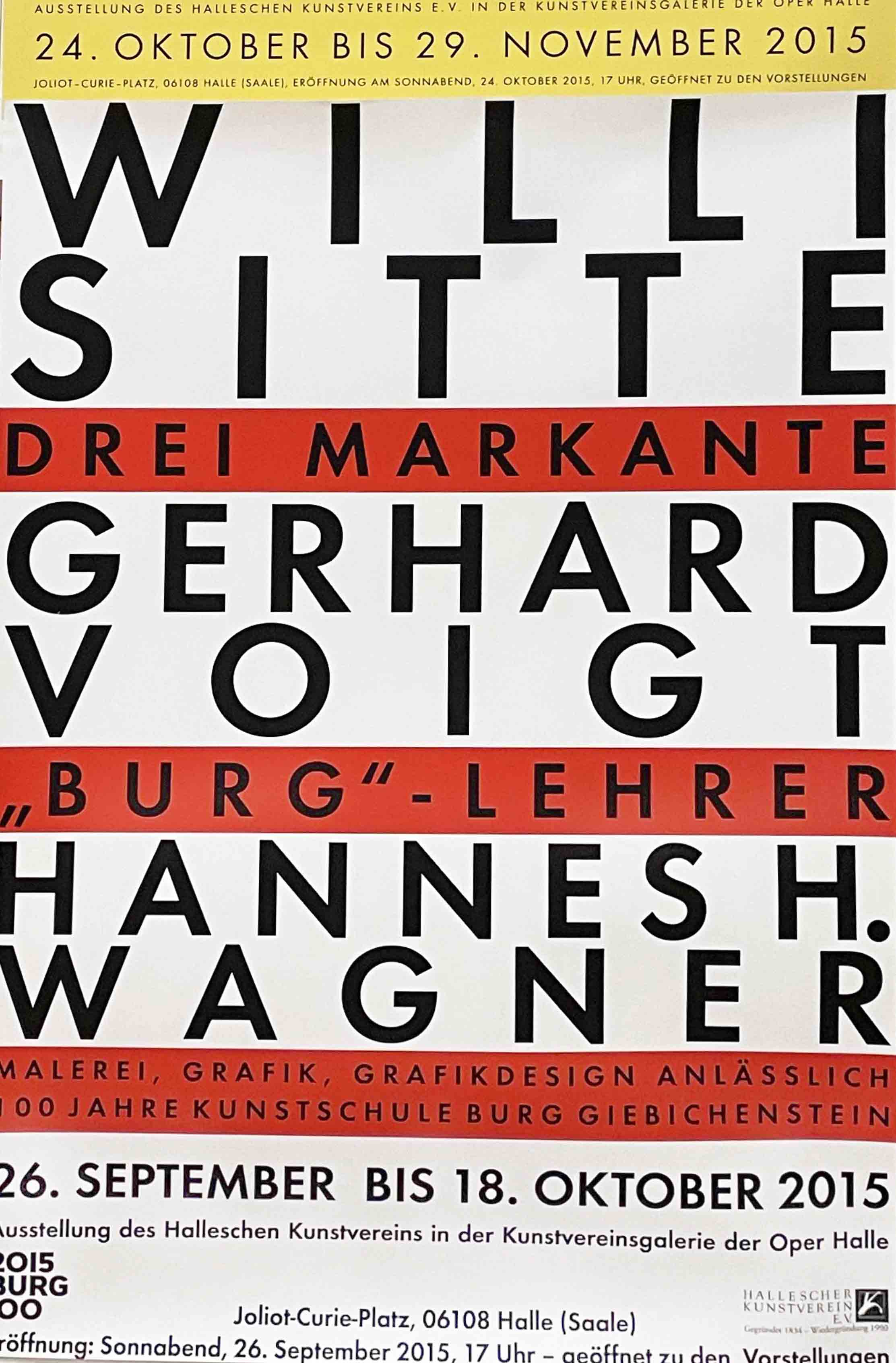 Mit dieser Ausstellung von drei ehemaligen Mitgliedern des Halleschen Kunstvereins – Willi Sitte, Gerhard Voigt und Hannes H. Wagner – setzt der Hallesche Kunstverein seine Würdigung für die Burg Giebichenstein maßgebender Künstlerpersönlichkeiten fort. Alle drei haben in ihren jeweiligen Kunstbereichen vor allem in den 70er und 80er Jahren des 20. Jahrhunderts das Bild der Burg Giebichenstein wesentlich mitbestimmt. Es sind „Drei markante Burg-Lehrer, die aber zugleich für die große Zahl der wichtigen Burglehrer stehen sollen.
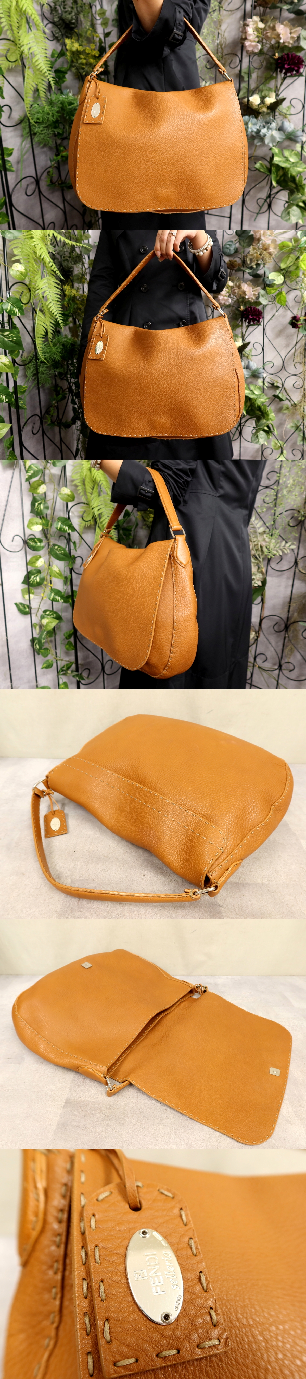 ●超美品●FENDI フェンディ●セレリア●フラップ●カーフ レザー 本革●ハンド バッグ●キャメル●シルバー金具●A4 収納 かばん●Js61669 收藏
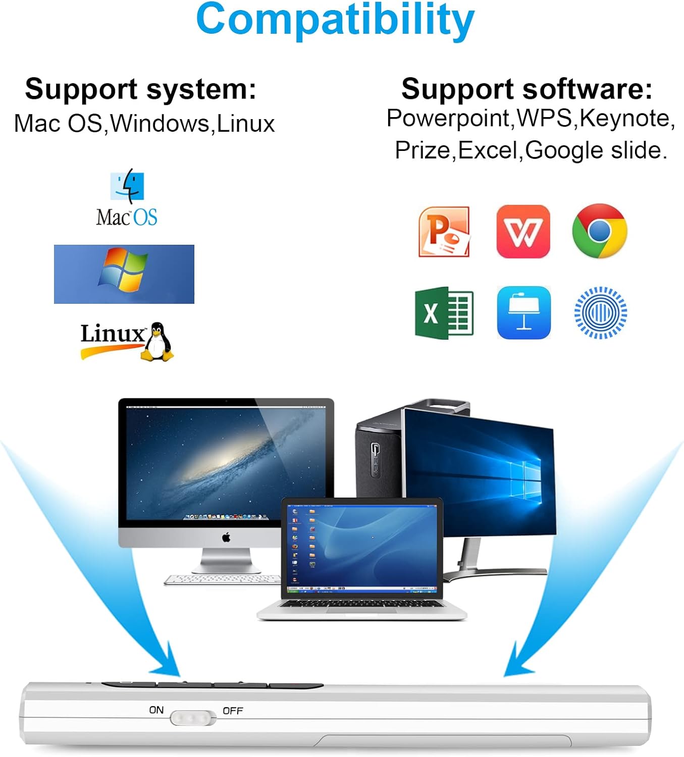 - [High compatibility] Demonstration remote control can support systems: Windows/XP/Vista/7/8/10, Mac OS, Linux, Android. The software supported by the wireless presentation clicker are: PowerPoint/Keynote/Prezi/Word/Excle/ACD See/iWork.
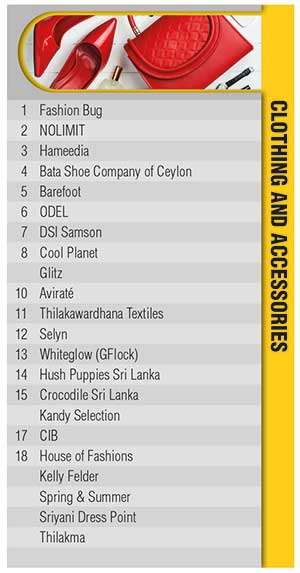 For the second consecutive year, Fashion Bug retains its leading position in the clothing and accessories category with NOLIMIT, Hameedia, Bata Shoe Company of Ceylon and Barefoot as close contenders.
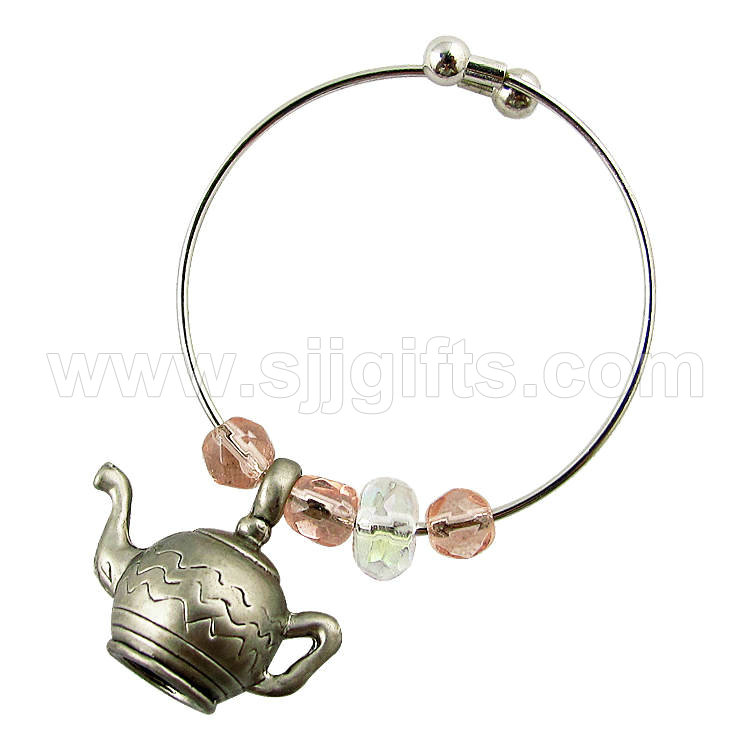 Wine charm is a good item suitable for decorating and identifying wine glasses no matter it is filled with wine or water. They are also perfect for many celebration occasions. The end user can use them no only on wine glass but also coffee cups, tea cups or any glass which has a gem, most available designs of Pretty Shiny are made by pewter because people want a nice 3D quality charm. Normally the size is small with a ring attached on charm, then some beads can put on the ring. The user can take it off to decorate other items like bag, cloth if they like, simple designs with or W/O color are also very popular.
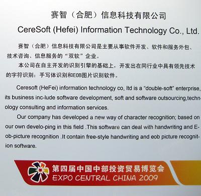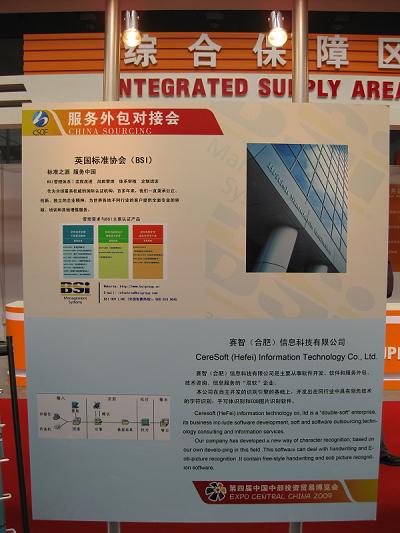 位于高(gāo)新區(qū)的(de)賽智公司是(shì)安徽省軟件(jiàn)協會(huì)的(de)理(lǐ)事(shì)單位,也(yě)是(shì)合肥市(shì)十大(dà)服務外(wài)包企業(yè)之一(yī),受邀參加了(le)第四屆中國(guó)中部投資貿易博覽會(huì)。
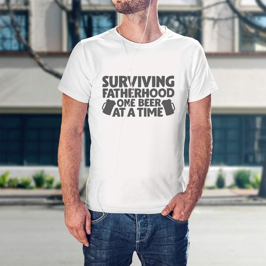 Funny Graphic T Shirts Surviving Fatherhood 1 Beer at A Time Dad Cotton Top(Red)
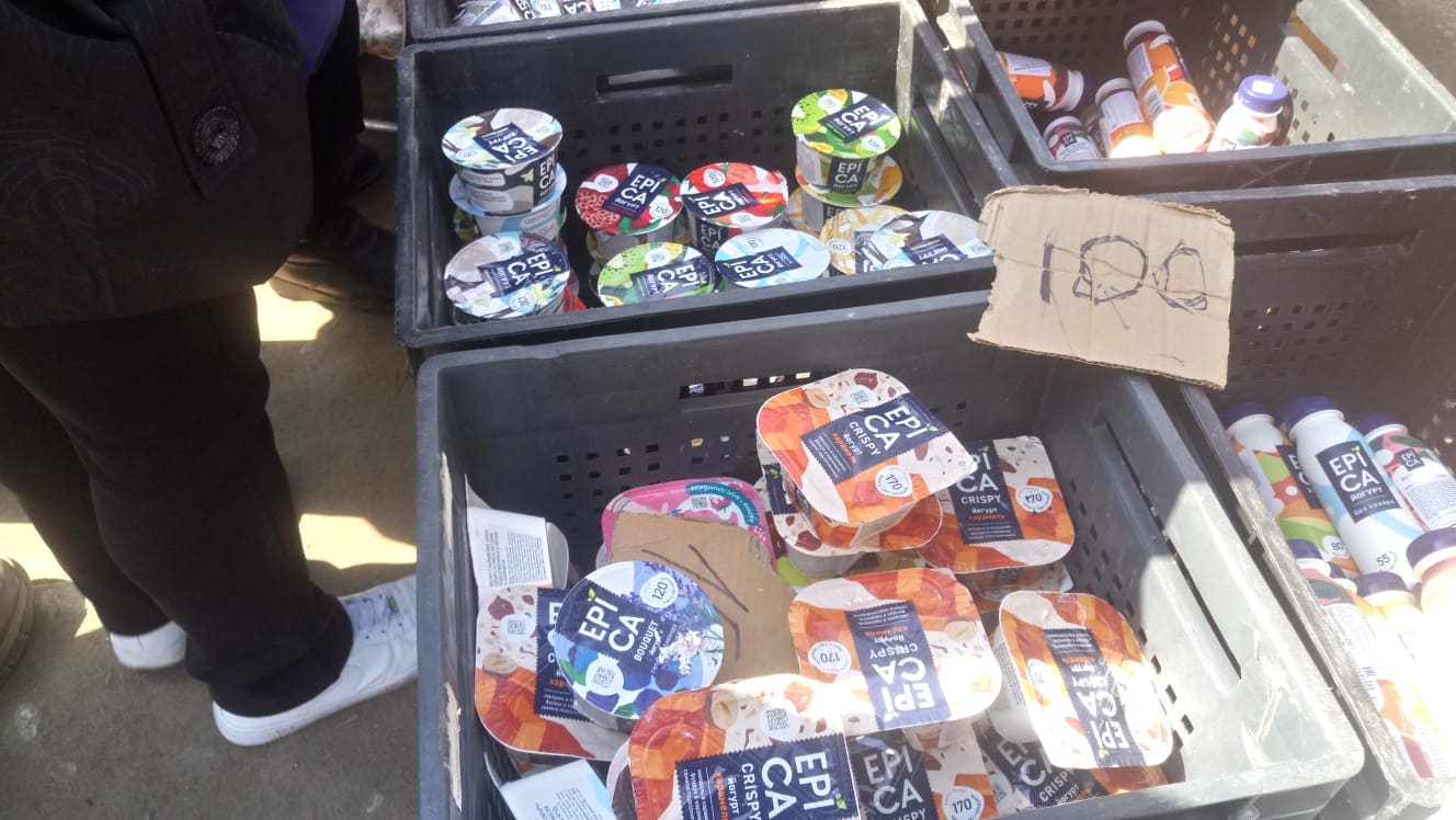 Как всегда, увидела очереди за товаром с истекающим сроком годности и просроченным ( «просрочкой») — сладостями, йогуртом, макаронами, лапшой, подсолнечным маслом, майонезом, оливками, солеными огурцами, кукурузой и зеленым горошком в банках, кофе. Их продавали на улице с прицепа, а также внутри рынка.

***

- **What is being asked**
Please print the listing above again word for word, without its pictures.

- **Exercise solution**
 Mit dieser Ausstellung von drei ehemaligen Mitgliedern des Halleschen Kunstvereins – Willi Sitte, Gerhard Voigt und Hannes H. Wagner – setzt der Hallesche Kunstverein seine Würdigung für die Burg Giebichenstein maßgebender Künstlerpersönlichkeiten fort. Alle drei haben in ihren jeweiligen Kunstbereichen vor allem in den 70er und 80er Jahren des 20. Jahrhunderts das Bild der Burg Giebichenstein wesentlich mitbestimmt. Es sind „Drei markante Burg-Lehrer, die aber zugleich für die große Zahl der wichtigen Burglehrer stehen sollen.
 ●超美品●FENDI フェンディ●セレリア●フラップ●カーフ レザー 本革●ハンド バッグ●キャメル●シルバー金具●A4 収納 かばん●Js61669 收藏
 - [High compatibility] Demonstration remote control can support systems: Windows/XP/Vista/7/8/10, Mac OS, Linux, Android. The software supported by the wireless presentation clicker are: PowerPoint/Keynote/Prezi/Word/Excle/ACD See/iWork.
 For the second consecutive year, Fashion Bug retains its leading position in the clothing and accessories category with NOLIMIT, Hameedia, Bata Shoe Company of Ceylon and Barefoot as close contenders.
 Wine charm is a good item suitable for decorating and identifying wine glasses no matter it is filled with wine or water. They are also perfect for many celebration occasions. The end user can use them no only on wine glass but also coffee cups, tea cups or any glass which has a gem, most available designs of Pretty Shiny are made by pewter because people want a nice 3D quality charm. Normally the size is small with a ring attached on charm, then some beads can put on the ring. The user can take it off to decorate other items like bag, cloth if they like, simple designs with or W/O color are also very popular.
 位于高(gāo)新區(qū)的(de)賽智公司是(shì)安徽省軟件(jiàn)協會(huì)的(de)理(lǐ)事(shì)單位,也(yě)是(shì)合肥市(shì)十大(dà)服務外(wài)包企業(yè)之一(yī),受邀參加了(le)第四屆中國(guó)中部投資貿易博覽會(huì)。
 Funny Graphic T Shirts Surviving Fatherhood 1 Beer at A Time Dad Cotton Top(Red)
 Как всегда, увидела очереди за товаром с истекающим сроком годности и просроченным ( «просрочкой») — сладостями, йогуртом, макаронами, лапшой, подсолнечным маслом, майонезом, оливками, солеными огурцами, кукурузой и зеленым горошком в банках, кофе. Их продавали на улице с прицепа, а также внутри рынка.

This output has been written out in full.